Below are the records; copy exactly the stretch from the line containing "为了更好地养护孩子眼部健康,书客Sun2" through the line containing "Obs! Om alla", both ends included, and nothing else.
● ● ● ● ● ● ●
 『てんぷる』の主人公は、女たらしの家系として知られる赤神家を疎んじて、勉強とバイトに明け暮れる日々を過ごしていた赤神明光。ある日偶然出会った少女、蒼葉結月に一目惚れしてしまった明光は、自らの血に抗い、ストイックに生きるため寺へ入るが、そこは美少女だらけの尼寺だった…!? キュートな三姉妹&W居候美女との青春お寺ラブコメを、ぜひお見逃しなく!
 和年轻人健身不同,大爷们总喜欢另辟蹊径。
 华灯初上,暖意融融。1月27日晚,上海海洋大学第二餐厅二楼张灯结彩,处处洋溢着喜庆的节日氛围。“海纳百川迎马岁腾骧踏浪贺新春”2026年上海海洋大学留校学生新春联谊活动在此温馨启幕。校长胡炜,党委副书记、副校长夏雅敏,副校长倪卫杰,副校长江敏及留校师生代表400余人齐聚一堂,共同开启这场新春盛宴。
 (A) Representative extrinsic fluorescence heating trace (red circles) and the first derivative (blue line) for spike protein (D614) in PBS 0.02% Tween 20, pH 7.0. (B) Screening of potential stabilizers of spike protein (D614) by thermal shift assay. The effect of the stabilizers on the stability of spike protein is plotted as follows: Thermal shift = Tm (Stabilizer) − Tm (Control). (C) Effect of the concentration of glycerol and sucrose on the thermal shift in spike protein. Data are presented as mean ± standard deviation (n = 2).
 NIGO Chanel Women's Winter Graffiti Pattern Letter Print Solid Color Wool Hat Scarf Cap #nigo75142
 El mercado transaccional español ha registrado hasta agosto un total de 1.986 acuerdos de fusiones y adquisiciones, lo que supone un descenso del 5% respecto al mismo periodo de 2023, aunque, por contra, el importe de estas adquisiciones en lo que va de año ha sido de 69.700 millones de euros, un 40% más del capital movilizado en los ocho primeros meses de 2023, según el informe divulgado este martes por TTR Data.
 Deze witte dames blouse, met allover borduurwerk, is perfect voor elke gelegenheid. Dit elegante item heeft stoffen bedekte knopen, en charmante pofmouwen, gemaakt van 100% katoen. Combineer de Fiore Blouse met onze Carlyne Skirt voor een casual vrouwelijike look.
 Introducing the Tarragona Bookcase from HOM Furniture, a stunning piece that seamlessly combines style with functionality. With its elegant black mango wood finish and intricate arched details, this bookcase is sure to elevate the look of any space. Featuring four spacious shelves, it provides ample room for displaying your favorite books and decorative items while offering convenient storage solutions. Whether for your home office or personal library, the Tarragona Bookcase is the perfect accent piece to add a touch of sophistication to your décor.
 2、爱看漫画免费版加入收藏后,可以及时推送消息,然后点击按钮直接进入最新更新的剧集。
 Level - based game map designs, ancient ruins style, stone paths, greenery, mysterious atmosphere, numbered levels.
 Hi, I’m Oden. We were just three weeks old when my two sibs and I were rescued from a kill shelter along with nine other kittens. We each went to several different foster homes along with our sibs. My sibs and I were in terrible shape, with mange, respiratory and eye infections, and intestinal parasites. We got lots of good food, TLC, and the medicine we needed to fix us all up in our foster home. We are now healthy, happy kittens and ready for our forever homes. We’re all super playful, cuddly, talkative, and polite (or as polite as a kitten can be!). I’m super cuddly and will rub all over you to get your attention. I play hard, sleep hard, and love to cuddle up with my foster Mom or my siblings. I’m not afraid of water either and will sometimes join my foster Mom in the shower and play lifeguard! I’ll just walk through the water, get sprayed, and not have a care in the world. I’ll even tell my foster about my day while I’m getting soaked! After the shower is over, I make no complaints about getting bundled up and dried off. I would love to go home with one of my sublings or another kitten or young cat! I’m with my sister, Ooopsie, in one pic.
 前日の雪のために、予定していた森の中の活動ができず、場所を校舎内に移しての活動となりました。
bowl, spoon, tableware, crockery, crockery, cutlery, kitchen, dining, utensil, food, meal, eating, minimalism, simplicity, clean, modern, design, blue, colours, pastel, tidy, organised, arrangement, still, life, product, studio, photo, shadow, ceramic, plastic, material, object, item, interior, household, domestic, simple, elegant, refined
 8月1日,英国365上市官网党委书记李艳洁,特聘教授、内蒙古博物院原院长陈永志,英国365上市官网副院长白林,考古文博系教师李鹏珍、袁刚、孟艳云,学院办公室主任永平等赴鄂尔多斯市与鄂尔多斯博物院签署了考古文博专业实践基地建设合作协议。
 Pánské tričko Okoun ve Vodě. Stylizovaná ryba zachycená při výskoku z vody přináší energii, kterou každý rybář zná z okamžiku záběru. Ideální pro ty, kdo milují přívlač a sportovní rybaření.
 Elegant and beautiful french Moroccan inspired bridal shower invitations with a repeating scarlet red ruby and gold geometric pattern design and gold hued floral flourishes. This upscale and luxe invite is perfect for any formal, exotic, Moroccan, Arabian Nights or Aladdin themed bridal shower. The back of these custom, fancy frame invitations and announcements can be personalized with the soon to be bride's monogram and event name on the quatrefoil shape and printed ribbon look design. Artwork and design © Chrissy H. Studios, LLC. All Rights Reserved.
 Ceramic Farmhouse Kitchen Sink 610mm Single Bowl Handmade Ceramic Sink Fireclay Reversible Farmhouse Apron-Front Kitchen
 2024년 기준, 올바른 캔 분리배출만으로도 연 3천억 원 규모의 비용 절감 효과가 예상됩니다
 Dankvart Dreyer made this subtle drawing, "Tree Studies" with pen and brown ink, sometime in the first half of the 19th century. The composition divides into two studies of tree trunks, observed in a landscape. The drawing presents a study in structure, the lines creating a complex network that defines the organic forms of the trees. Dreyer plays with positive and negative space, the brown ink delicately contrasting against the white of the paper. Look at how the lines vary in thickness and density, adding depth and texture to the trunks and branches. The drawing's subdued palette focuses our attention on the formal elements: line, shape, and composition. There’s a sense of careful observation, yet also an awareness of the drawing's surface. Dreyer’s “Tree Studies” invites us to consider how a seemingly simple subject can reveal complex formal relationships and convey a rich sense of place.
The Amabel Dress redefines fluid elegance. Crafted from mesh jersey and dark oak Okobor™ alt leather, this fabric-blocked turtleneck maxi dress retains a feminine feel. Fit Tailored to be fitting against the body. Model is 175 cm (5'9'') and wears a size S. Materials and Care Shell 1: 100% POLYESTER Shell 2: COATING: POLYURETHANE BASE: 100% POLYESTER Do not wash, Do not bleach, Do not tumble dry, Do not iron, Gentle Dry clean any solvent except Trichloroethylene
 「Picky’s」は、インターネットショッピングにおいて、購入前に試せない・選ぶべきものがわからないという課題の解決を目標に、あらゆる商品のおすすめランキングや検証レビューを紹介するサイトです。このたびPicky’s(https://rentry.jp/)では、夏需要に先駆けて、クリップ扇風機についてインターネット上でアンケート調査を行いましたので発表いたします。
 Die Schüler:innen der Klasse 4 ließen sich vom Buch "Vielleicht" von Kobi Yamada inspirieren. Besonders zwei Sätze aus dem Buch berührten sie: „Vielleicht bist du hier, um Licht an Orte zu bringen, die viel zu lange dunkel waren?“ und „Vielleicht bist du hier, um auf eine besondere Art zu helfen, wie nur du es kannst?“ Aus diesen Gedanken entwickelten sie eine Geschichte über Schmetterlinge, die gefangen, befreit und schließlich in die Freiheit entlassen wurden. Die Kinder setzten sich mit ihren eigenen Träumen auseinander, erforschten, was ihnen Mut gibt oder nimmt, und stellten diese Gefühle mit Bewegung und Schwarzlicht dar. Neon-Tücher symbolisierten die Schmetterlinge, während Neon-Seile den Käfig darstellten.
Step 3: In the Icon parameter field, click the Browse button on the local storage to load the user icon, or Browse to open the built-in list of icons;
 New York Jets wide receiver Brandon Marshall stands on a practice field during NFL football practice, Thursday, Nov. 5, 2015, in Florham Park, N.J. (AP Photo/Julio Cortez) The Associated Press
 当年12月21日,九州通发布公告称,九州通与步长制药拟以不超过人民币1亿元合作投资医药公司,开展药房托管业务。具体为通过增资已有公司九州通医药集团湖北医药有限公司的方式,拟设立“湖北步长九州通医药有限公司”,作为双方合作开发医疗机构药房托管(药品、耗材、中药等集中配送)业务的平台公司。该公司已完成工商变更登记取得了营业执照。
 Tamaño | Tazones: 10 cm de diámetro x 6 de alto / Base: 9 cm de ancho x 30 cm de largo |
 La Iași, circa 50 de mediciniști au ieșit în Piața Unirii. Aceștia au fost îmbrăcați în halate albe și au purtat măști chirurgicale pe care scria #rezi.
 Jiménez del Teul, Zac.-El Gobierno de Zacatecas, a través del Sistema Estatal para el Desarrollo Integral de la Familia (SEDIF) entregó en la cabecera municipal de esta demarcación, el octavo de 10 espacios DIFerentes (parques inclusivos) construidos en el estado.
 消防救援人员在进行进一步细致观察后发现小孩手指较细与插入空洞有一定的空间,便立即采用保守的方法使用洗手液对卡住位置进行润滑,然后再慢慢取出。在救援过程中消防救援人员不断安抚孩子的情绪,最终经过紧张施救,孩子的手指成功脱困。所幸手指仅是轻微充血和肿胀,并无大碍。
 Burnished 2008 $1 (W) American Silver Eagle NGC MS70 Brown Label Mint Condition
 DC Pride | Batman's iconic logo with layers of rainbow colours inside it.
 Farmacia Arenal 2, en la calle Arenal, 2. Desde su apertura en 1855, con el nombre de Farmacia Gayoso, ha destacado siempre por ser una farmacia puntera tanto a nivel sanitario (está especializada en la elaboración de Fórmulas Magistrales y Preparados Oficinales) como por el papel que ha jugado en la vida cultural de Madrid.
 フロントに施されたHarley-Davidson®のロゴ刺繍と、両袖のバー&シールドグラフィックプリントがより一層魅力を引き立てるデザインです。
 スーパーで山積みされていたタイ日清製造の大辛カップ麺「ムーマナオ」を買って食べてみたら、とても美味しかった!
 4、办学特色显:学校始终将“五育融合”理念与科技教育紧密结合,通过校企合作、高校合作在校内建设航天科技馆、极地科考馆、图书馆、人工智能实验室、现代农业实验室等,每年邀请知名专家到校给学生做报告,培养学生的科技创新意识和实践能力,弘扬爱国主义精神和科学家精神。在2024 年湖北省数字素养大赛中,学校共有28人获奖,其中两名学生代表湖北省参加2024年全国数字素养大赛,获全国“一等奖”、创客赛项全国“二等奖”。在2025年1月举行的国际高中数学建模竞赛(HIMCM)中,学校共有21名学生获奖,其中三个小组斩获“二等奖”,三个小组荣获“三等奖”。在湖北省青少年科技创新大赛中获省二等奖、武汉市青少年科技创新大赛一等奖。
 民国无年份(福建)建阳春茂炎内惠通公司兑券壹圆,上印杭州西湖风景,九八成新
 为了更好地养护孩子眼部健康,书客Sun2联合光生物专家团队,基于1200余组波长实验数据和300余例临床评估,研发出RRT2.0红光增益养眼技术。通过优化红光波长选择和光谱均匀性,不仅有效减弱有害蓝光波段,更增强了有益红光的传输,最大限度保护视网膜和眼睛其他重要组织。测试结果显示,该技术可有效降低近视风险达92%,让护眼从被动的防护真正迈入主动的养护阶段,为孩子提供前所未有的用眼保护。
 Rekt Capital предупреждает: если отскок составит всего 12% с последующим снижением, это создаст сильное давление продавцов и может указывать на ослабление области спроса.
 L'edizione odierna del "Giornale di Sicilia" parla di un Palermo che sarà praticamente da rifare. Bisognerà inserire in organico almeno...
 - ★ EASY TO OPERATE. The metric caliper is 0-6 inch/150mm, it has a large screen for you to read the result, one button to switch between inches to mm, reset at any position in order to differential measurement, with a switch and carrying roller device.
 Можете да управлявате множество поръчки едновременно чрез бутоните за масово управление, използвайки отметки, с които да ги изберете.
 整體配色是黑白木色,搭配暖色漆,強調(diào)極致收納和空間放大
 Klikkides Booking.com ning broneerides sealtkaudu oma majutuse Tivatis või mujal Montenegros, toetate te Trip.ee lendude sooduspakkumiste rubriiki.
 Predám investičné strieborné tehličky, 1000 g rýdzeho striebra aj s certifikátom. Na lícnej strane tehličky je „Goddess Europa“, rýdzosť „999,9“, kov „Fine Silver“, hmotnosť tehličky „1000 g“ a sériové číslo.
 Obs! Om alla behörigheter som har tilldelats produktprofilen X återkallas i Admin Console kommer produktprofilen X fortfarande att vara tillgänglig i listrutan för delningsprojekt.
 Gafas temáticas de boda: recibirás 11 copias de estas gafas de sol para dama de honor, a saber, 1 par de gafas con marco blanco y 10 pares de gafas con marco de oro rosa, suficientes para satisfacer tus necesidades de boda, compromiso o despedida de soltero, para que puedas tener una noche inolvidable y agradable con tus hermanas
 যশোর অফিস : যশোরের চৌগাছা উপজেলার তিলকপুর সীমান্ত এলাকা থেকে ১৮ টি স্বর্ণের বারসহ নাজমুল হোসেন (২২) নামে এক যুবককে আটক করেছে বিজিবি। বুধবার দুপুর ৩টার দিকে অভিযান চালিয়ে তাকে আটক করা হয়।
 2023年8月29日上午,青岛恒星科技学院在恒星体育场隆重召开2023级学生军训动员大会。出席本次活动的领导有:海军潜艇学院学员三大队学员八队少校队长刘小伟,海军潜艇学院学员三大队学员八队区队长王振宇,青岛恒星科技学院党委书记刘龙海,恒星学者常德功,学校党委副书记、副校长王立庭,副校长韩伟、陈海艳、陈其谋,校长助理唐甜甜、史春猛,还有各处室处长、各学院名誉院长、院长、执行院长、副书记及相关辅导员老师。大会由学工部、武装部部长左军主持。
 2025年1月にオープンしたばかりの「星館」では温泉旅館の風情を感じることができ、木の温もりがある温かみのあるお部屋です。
● ● ● ● ● ● ●
OUTPUT OF THE TASK.
 为了更好地养护孩子眼部健康,书客Sun2联合光生物专家团队,基于1200余组波长实验数据和300余例临床评估,研发出RRT2.0红光增益养眼技术。通过优化红光波长选择和光谱均匀性,不仅有效减弱有害蓝光波段,更增强了有益红光的传输,最大限度保护视网膜和眼睛其他重要组织。测试结果显示,该技术可有效降低近视风险达92%,让护眼从被动的防护真正迈入主动的养护阶段,为孩子提供前所未有的用眼保护。
 Rekt Capital предупреждает: если отскок составит всего 12% с последующим снижением, это создаст сильное давление продавцов и может указывать на ослабление области спроса.
 L'edizione odierna del "Giornale di Sicilia" parla di un Palermo che sarà praticamente da rifare. Bisognerà inserire in organico almeno...
 - ★ EASY TO OPERATE. The metric caliper is 0-6 inch/150mm, it has a large screen for you to read the result, one button to switch between inches to mm, reset at any position in order to differential measurement, with a switch and carrying roller device.
 Можете да управлявате множество поръчки едновременно чрез бутоните за масово управление, използвайки отметки, с които да ги изберете.
 整體配色是黑白木色,搭配暖色漆,強調(diào)極致收納和空間放大
 Klikkides Booking.com ning broneerides sealtkaudu oma majutuse Tivatis või mujal Montenegros, toetate te Trip.ee lendude sooduspakkumiste rubriiki.
 Predám investičné strieborné tehličky, 1000 g rýdzeho striebra aj s certifikátom. Na lícnej strane tehličky je „Goddess Europa“, rýdzosť „999,9“, kov „Fine Silver“, hmotnosť tehličky „1000 g“ a sériové číslo.
 Obs! Om alla behörigheter som har tilldelats produktprofilen X återkallas i Admin Console kommer produktprofilen X fortfarande att vara tillgänglig i listrutan för delningsprojekt.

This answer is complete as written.